The Supreme Court Monday loosened campaign finance restrictions in a ruling on free speech that will give lobby groups a louder voice in television ads for next year’s presidential election.
In a 5-4 ruling, the nation’s highest tribunal found that the rights to free speech of interest groups had been unfairly curbed by a law that limited their influence in the final stretch of electioneering.
The decision overturned a legal ban promoted in 2002 by Senator John McCain that prevented an anti-abortion group from broadcasting advertisements in Wisconsin in the two months before the 2004 general election.
Writing for the majority, Chief Justice John Roberts said the ban infringed the constitution’s First Amendment right to free speech.
“When it comes to defining what speech qualifies as the functional equivalent of express advocacy subject to such a ban… we give the benefit of the doubt to speech, not censorship,” he wrote.

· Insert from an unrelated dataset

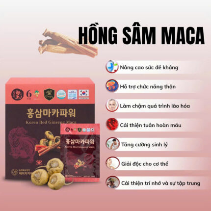 ⭐️ Nước Chiết Xuất Hồng Sâm Maca NH Bio Hộp 20 Gói x 70ml là sản phẩm được bào chế, chiết xuất và sản xuất thành phẩm từ 2 nguồn nguyên liệu chính là nhân sâm Hàn Quốc 6 năm tuổi và củ maca (hay còn gọi là nhân sâm Peru), có bổ sung thêm một số thành phần thảo dược khác có lợi cho sức khỏe người sử dụng với liều lượng vừa đủ, theo một công thức đặc biệt.
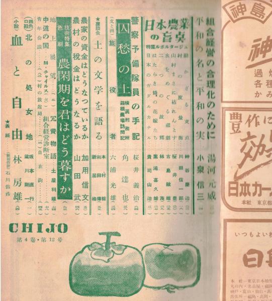 ※地上第4巻第12号 平和の名と平和の実=小泉信三 警察予備隊員の手記=桜井義治 因愁の土ー横浜刑務所箱根農場訪問記=角達也 鼎談:土の文学を語る=木村毅、新居格、和田傳 等々

Under the 2002 campaign finance reform inspired by the Republican McCain and Democratic Senator Russ Feingold, interest groups including companies and trades unions were banned from airing ads that name a candidate for office.
The aim was to prevent the kind of “attack ads” that have become increasingly prevalent on the US political scene in the closing weeks of an election.
The Supreme Court ruled that such ads are allowed to name a candidate in the context of a broader discussion of the public interest group’s cause, without calling explicitly for that candidate to be elected or rejected.
The implications are likely to be felt nationally towards the end of this year as Democratic and Republican voters in states like Florida, New Hampshire and Iowa prepare to hold ballots on their choice for the White House.
Under a slightly different membership, the Supreme Court had upheld the McCain-Feingold act, including the ads portion, in a landmark ruling in 2003.
Representing the minority of four justices in Monday’s ruling, liberal judge David Souter said the 2003 decision had been “effectively and unjustifiably overruled today.”